Data-Driven Traffic Reconstruction and Kernel Methods for Identifying Stop-and-Go Congestion

paper_url: http://arxiv.org/abs/2312.03186
repo_url: None
paper_authors: Edgar Ramirez Sanchez, Shreyaa Raghavan, Cathy Wu
for: 本研究旨在提高数据驱动的研究，以便为气候变化和可持续发展提供基础数据。
methods: 本研究使用交通重建技术来识别停车事件。特别是，我们引入基于核函数的方法来描述交通中的空间-时间特征，并利用bootstrap方法来评估重建过程中的不确定性。
results: 实验结果表明，这种方法可以准确地捕捉加利福尼亚州高速公路上的停车事件。这种方法可以为数据驱动的决策提供基础。

Abstract
Identifying stop-and-go events (SAGs) in traffic flow presents an important avenue for advancing data-driven research for climate change mitigation and sustainability, owing to their substantial impact on carbon emissions, travel time, fuel consumption, and roadway safety. In fact, SAGs are estimated to account for 33-50% of highway driving externalities. However, insufficient attention has been paid to precisely quantifying where, when, and how much these SAGs take place -necessary for downstream decision making, such as intervention design and policy analysis. A key challenge is that the data available to researchers and governments are typically sparse and aggregated to a granularity that obscures SAGs. To overcome such data limitations, this study thus explores the use of traffic reconstruction techniques for SAG identification. In particular, we introduce a kernel-based method for identifying spatio-temporal features in traffic and leverage bootstrapping to quantify the uncertainty of the reconstruction process.
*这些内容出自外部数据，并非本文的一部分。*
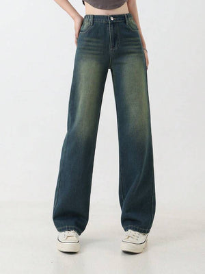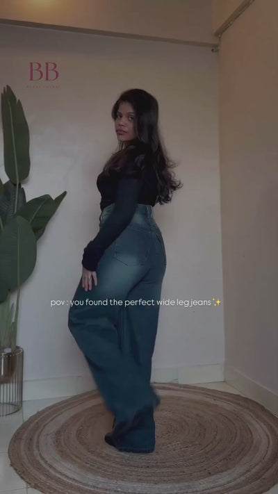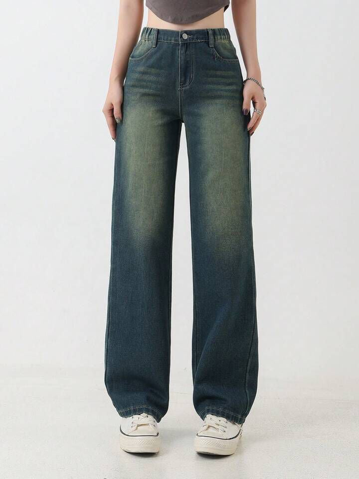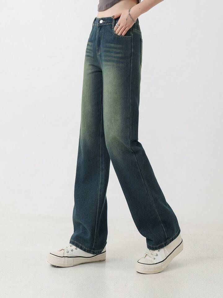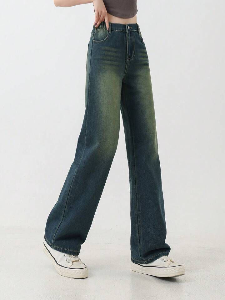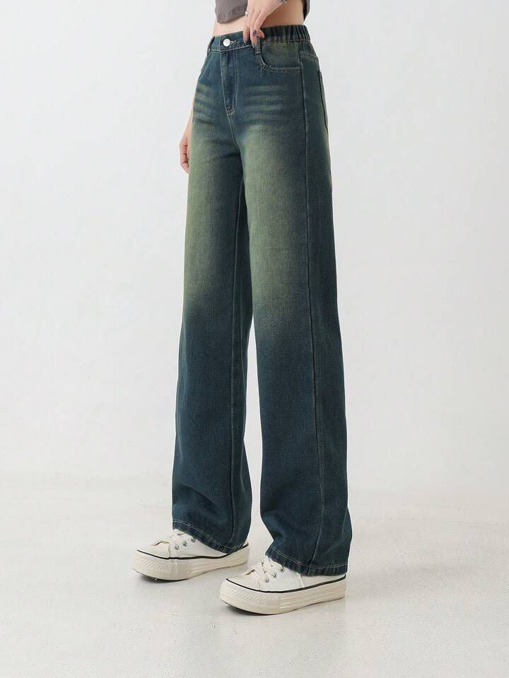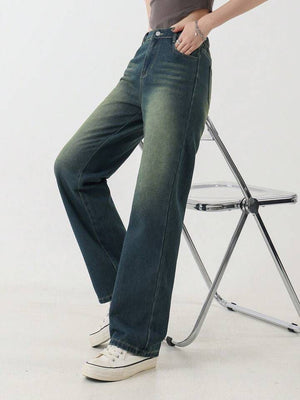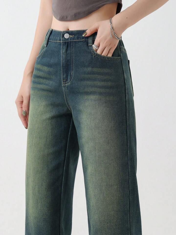 Vintage Greenish Tint High Waist Wide Leg Jeans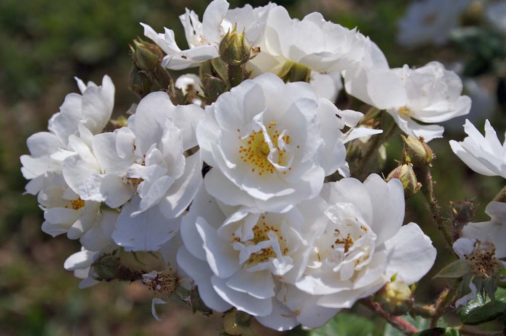 Rosa specie. Rampicante molto vigorosa con fusti sottili e poche spine. Produce fiori bianchi in grandi corimbi, seguiti da frutti rotondi, rosso scuro. Predilige il terreno secco e sabbioso. Ideale in giardini vicino al mare.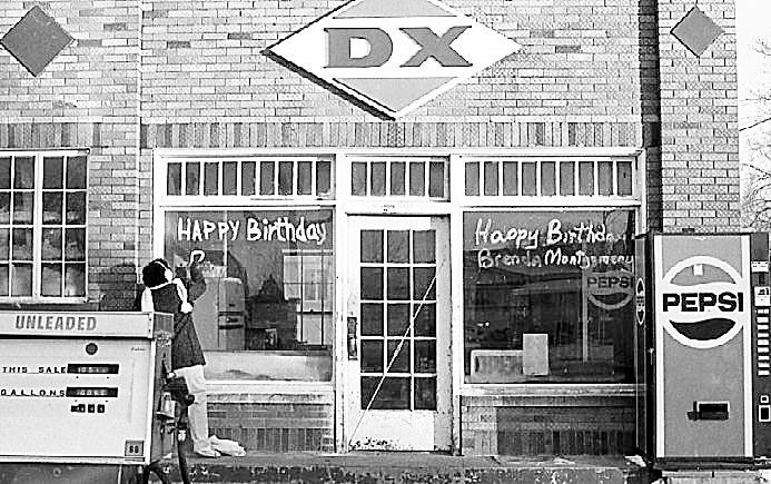 Photo from The Vindicator archives – The windows at Billings DX Service Station proclaimed the day’s birthdays for the Valley Falls community. Jim and Dorothy Billings started the unique feature in 1984 and never missed a day.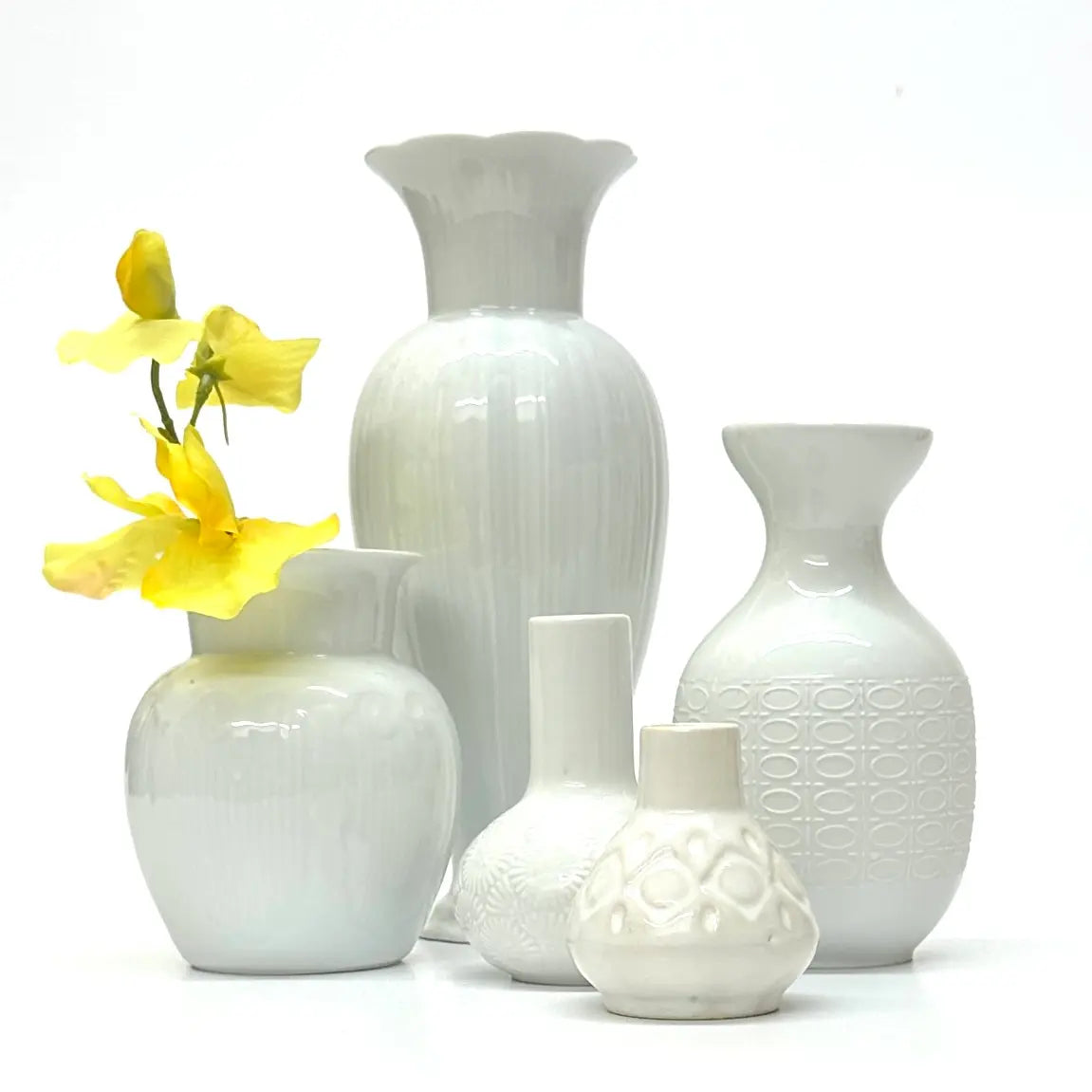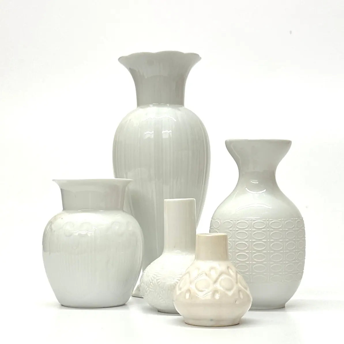 This beautiful set of white textured ceramic vases features soft curved and rounded edges. Featuring a variety of German and Japanese brands.
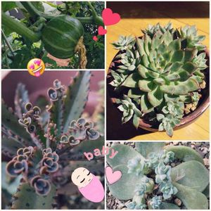 不死鳥の子どもたち 夏の暑い日に真ん中の親株が枯れてしまい チビちゃんたちが残りました。 こんだけ群生すると一個一個の成長は少しずづなのでまだかわいいですね。 大きくなるとちょっと気持ち悪い感じになっちゃうから… このくらいがちょうどよい。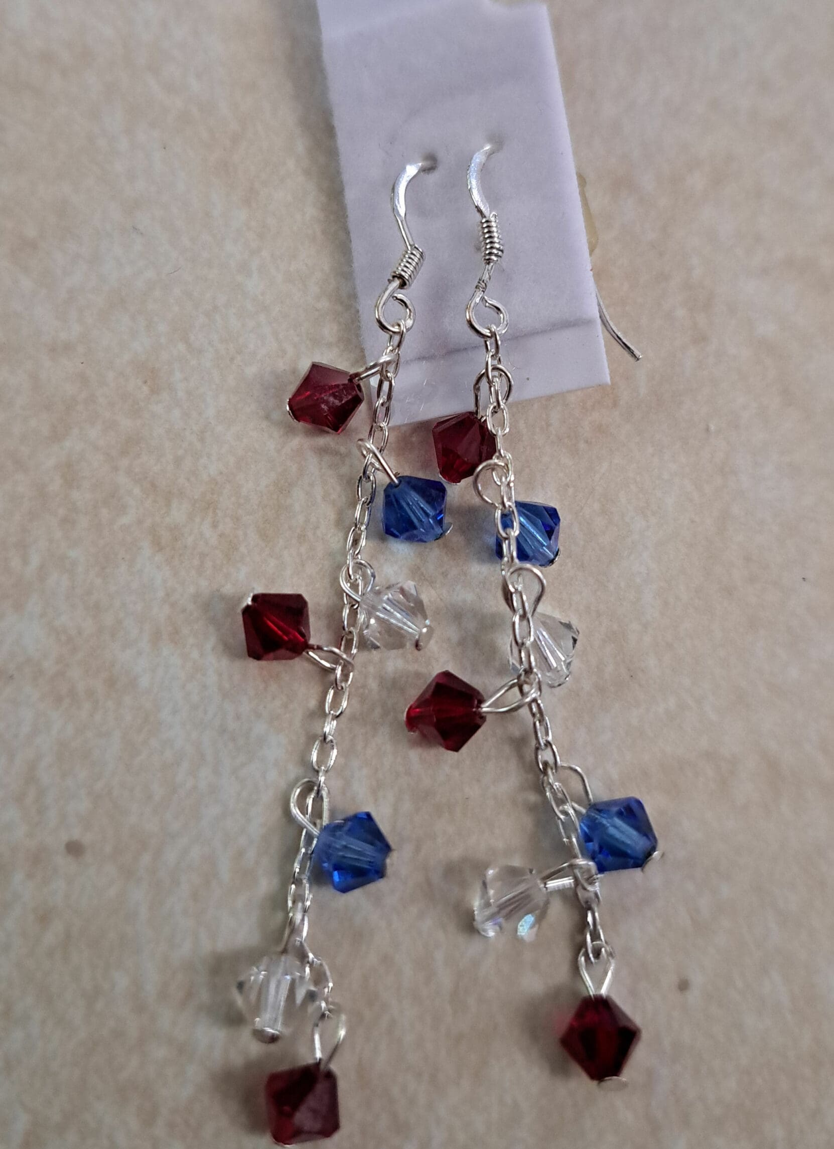 Add a burst of sparkle to your outfit with these lightweight red, white, blue crystal dangle earrings on silver plated ear wires.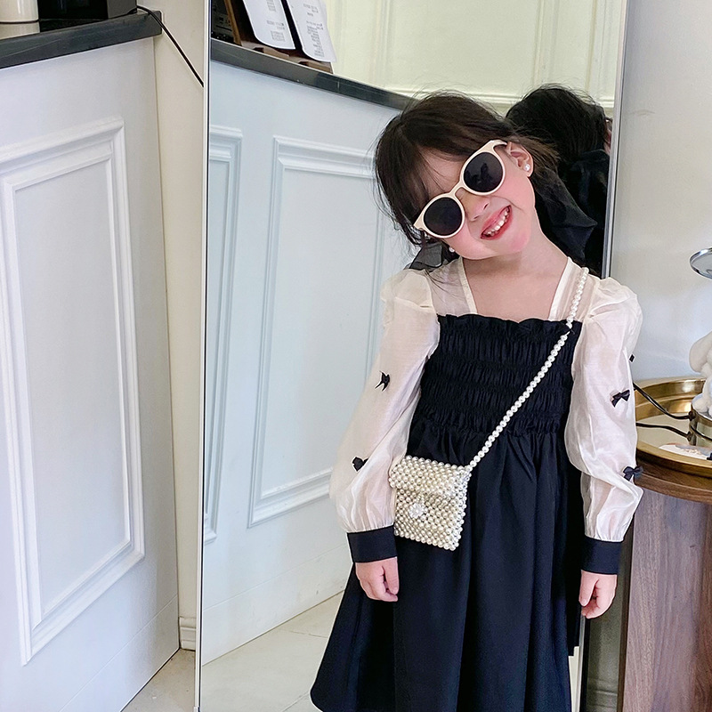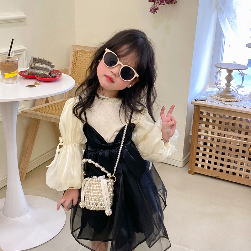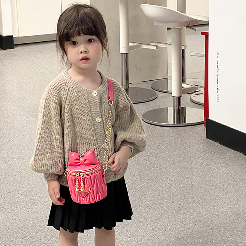 新しい子供のカバンのかわいい蝶結びのバケツの女の子は斜めに包みます。

Experimental results on California highway data demonstrate the promise of the method for capturing SAGs. This work contributes to a foundation for data-driven decision making to advance sustainability of traffic systems.

摘要
Identifying stop-and-go events (SAGs) in traffic flow is an important avenue for advancing data-driven research on climate change mitigation and sustainability, as SAGs have a significant impact on carbon emissions, travel time, fuel consumption, and roadway safety. In fact, SAGs are estimated to account for 33-50% of highway driving externalities. However, there has been insufficient attention paid to precisely quantifying where, when, and how much these SAGs take place, which is necessary for downstream decision making, such as intervention design and policy analysis. A key challenge is that the available data to researchers and governments are typically sparse and aggregated to a granularity that obscures SAGs. To overcome such data limitations, this study explores the use of traffic reconstruction techniques for SAG identification. Specifically, we introduce a kernel-based method for identifying spatio-temporal features in traffic and leverage bootstrapping to quantify the uncertainty of the reconstruction process. Experimental results on California highway data demonstrate the promise of the method for capturing SAGs. This work contributes to a foundation for data-driven decision making to advance the sustainability of traffic systems.Here's the text with some additional information about the translation:I translated the text into Simplified Chinese, which is the most widely used variety of Chinese. I tried to preserve the original meaning and structure of the text while making it more concise and natural-sounding in Chinese.Some notes on the translation:* I used 停车堵塞 (tīng chē dào xiāng) to translate "stop-and-go" events, as it is a common term used in China to describe traffic congestion.* I used 驱动 (kuī dàng) to translate "driven" in the phrase "data-driven research," as it is a more common term in Chinese to describe the use of data to inform decision-making.* I used 可见 (kě yán) to translate "obscures" in the phrase "obscures SAGs," as it is a more common term in Chinese to describe something that is visible or clear.* I used 随机 (suī jī) to translate "bootstrap" in the phrase "leverage bootstrapping," as it is a more common term in Chinese to describe a random sampling method.I hope this translation is helpful! Let me know if you have any further questions or requests.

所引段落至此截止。